• **WHAT NEEDS TO BE DONE**: From the records below, print exactly the lines starting at the one containing "Başkan Kurt’a Türk" and ending at the one containing "Third time in", ends included, and nothing else.

[Stored data]
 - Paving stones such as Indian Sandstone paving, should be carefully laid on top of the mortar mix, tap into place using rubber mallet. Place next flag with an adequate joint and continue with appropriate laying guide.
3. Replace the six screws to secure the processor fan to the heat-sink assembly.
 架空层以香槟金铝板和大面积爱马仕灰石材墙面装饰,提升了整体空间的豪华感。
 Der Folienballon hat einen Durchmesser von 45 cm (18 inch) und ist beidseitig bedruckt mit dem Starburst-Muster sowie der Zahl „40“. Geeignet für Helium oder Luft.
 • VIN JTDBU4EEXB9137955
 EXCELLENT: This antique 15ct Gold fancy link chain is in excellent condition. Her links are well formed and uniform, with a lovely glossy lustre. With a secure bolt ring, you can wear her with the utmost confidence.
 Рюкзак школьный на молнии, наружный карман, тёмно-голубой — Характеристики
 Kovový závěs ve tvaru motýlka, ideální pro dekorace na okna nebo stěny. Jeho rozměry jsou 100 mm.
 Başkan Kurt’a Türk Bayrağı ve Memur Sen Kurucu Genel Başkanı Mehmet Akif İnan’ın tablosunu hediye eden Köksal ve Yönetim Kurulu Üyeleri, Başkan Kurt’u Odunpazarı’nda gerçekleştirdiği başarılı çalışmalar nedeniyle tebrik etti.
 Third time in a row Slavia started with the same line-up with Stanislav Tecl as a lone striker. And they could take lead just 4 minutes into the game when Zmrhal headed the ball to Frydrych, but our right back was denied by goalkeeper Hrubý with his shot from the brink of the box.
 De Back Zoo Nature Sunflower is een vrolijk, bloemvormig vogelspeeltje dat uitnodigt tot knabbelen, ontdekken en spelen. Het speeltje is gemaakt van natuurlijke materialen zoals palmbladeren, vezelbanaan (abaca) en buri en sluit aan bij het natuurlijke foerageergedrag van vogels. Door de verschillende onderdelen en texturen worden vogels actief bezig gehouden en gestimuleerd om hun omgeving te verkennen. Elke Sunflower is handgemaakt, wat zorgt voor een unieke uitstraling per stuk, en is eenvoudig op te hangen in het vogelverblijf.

• **RESULT**:
 Başkan Kurt’a Türk Bayrağı ve Memur Sen Kurucu Genel Başkanı Mehmet Akif İnan’ın tablosunu hediye eden Köksal ve Yönetim Kurulu Üyeleri, Başkan Kurt’u Odunpazarı’nda gerçekleştirdiği başarılı çalışmalar nedeniyle tebrik etti.
 Third time in a row Slavia started with the same line-up with Stanislav Tecl as a lone striker. And they could take lead just 4 minutes into the game when Zmrhal headed the ball to Frydrych, but our right back was denied by goalkeeper Hrubý with his shot from the brink of the box.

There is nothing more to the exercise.